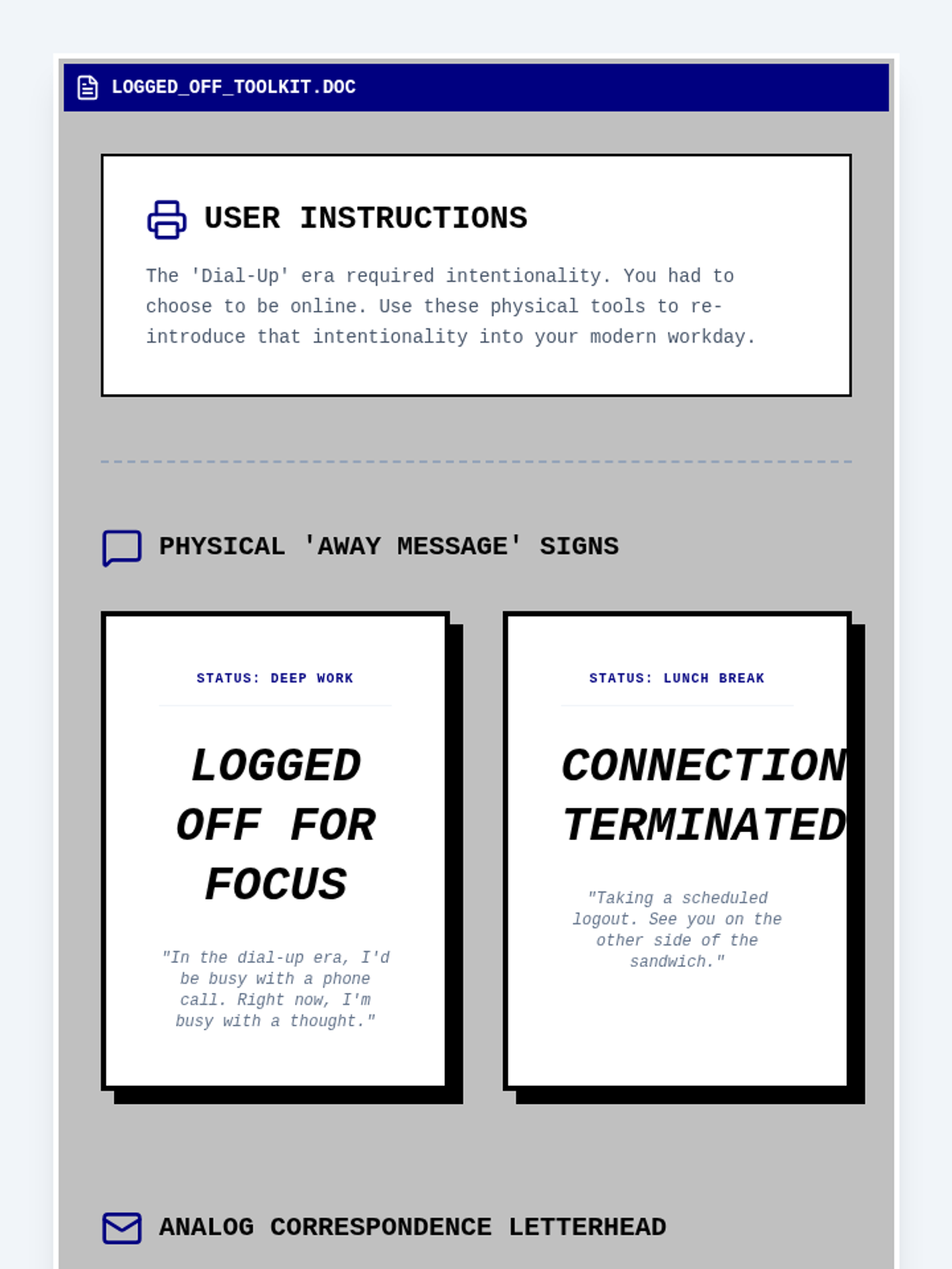 A printable toolkit for 'Dial-Up Decompression' featuring physical 'Away Message' desk signs and branded letterhead for the 'Slow Mail' connection activity.
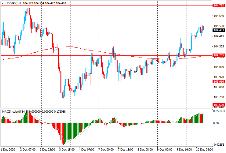 USD/JPY: пара выросла с Y104.10 до Y104.60 и поднялась выше линии скользящей средней МА (200) Н1 (Y104.20)
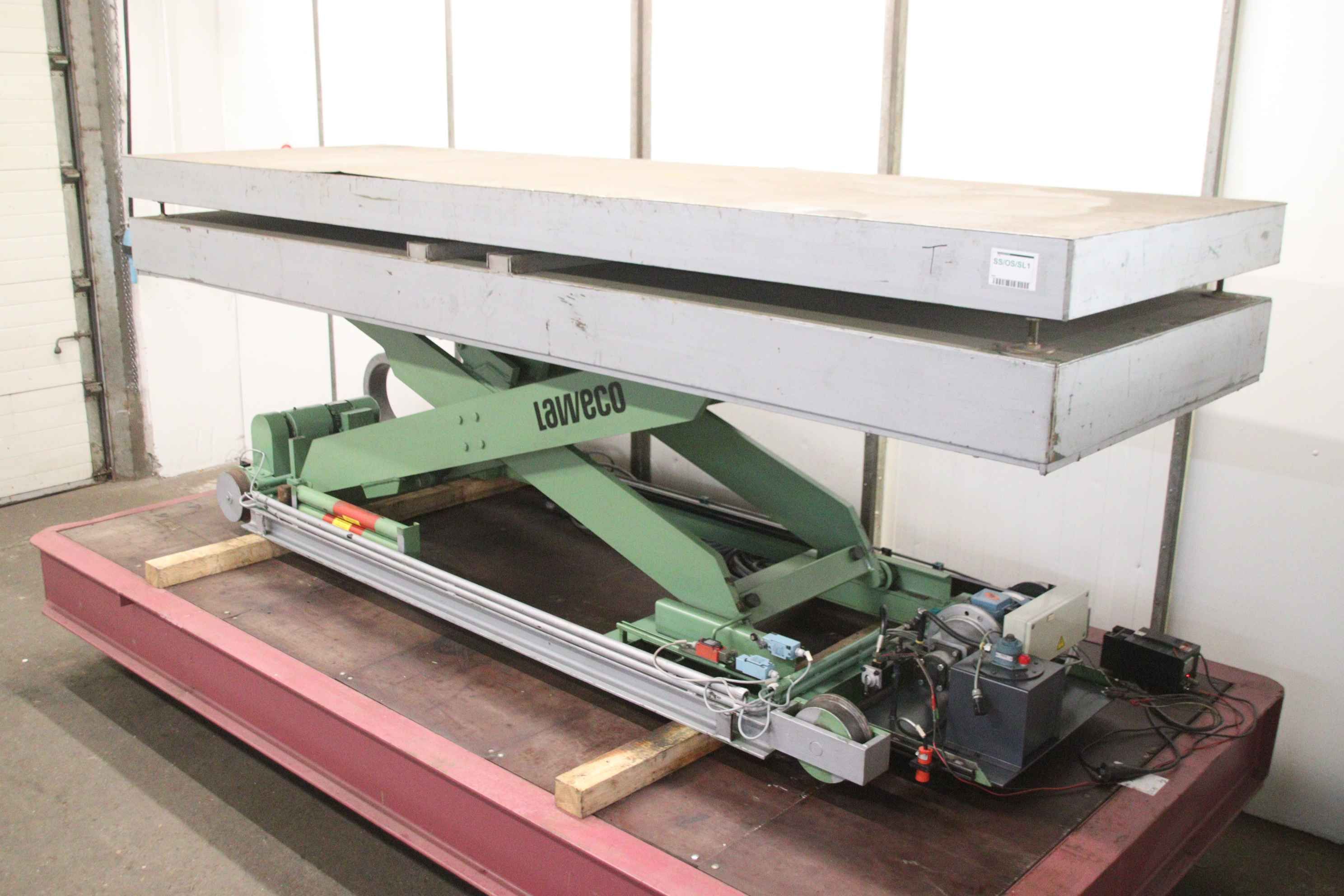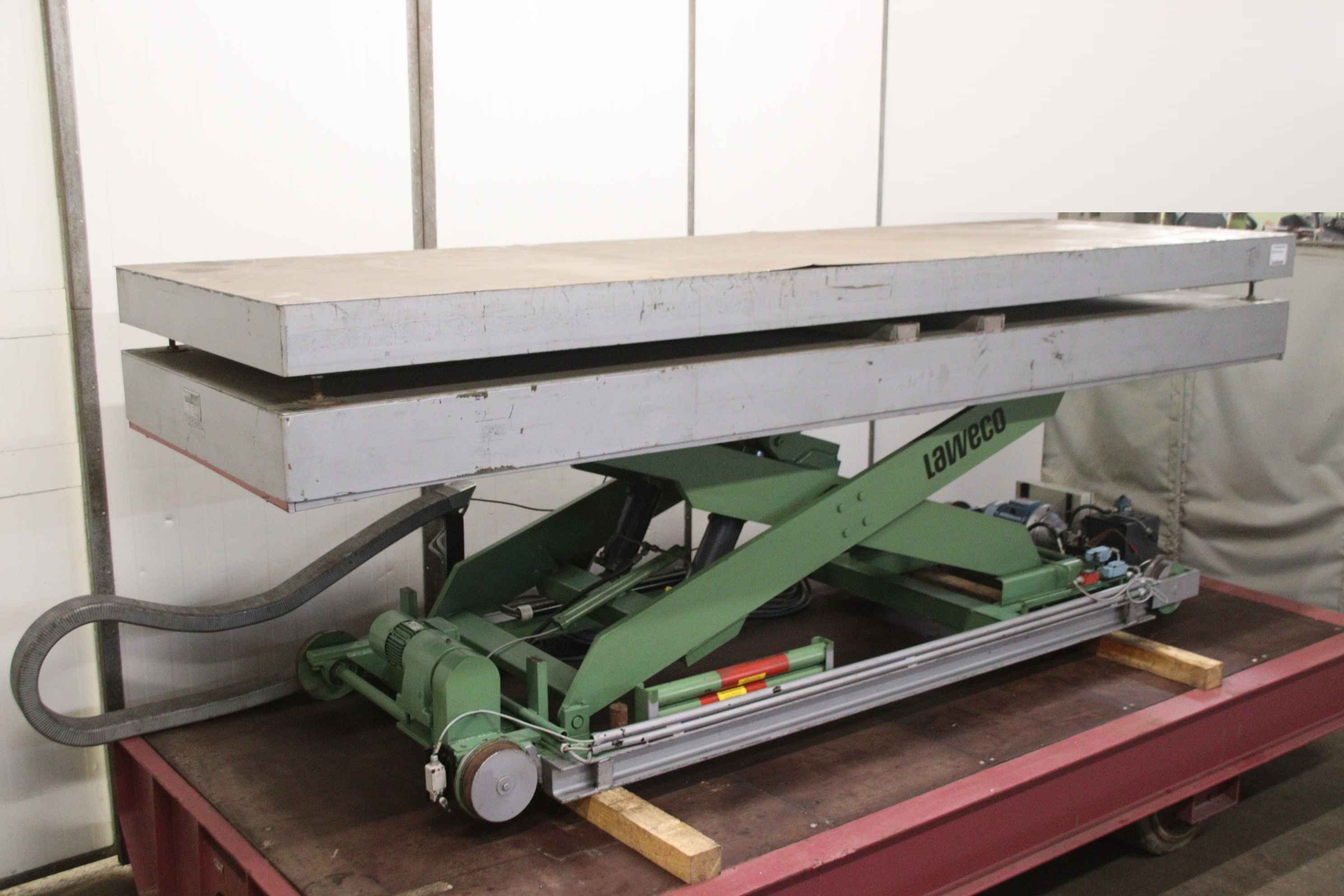 Scissor lift table, scissor lift table, scissor lift platform, scissor lifting platform, single scissor lift table, hydraulic lifting platform -Scissor lift table: with weighing unit and trolley, each without control, and weighing display -Load capacity: 2000 kg -Platform: 4000 x 1420 mm -Dimensions retracted: height 430/675 mm -Extended dimensions: height 1145/1390 mm -Rolling chassis: roller spacing for rail 1100 mm -Transport dimensions: 1420/4000/H675 mm -Weight: 2600 kg
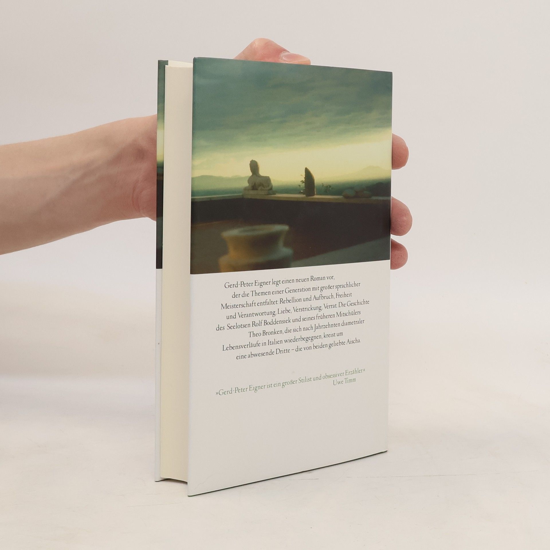 Ein großer Roman über das späte Wiedersehen zweier Männer, Rolf Boddensiek und Theo Bronken, die durch ihre Liebe zu Aischa verbunden sind. Gerd-Peter Eigner entfaltet mit sprachlicher Meisterschaft Themen wie Rebellion, Freiheit und Verantwortung und erzählt von den Träumen und Enttäuschungen der beiden Protagonisten.

══════

Exercise description> Please copy out each line above exactly as written, but not the pictures.

Solution below>
 A printable toolkit for 'Dial-Up Decompression' featuring physical 'Away Message' desk signs and branded letterhead for the 'Slow Mail' connection activity.
 USD/JPY: пара выросла с Y104.10 до Y104.60 и поднялась выше линии скользящей средней МА (200) Н1 (Y104.20)
 Scissor lift table, scissor lift table, scissor lift platform, scissor lifting platform, single scissor lift table, hydraulic lifting platform -Scissor lift table: with weighing unit and trolley, each without control, and weighing display -Load capacity: 2000 kg -Platform: 4000 x 1420 mm -Dimensions retracted: height 430/675 mm -Extended dimensions: height 1145/1390 mm -Rolling chassis: roller spacing for rail 1100 mm -Transport dimensions: 1420/4000/H675 mm -Weight: 2600 kg
 Ein großer Roman über das späte Wiedersehen zweier Männer, Rolf Boddensiek und Theo Bronken, die durch ihre Liebe zu Aischa verbunden sind. Gerd-Peter Eigner entfaltet mit sprachlicher Meisterschaft Themen wie Rebellion, Freiheit und Verantwortung und erzählt von den Träumen und Enttäuschungen der beiden Protagonisten.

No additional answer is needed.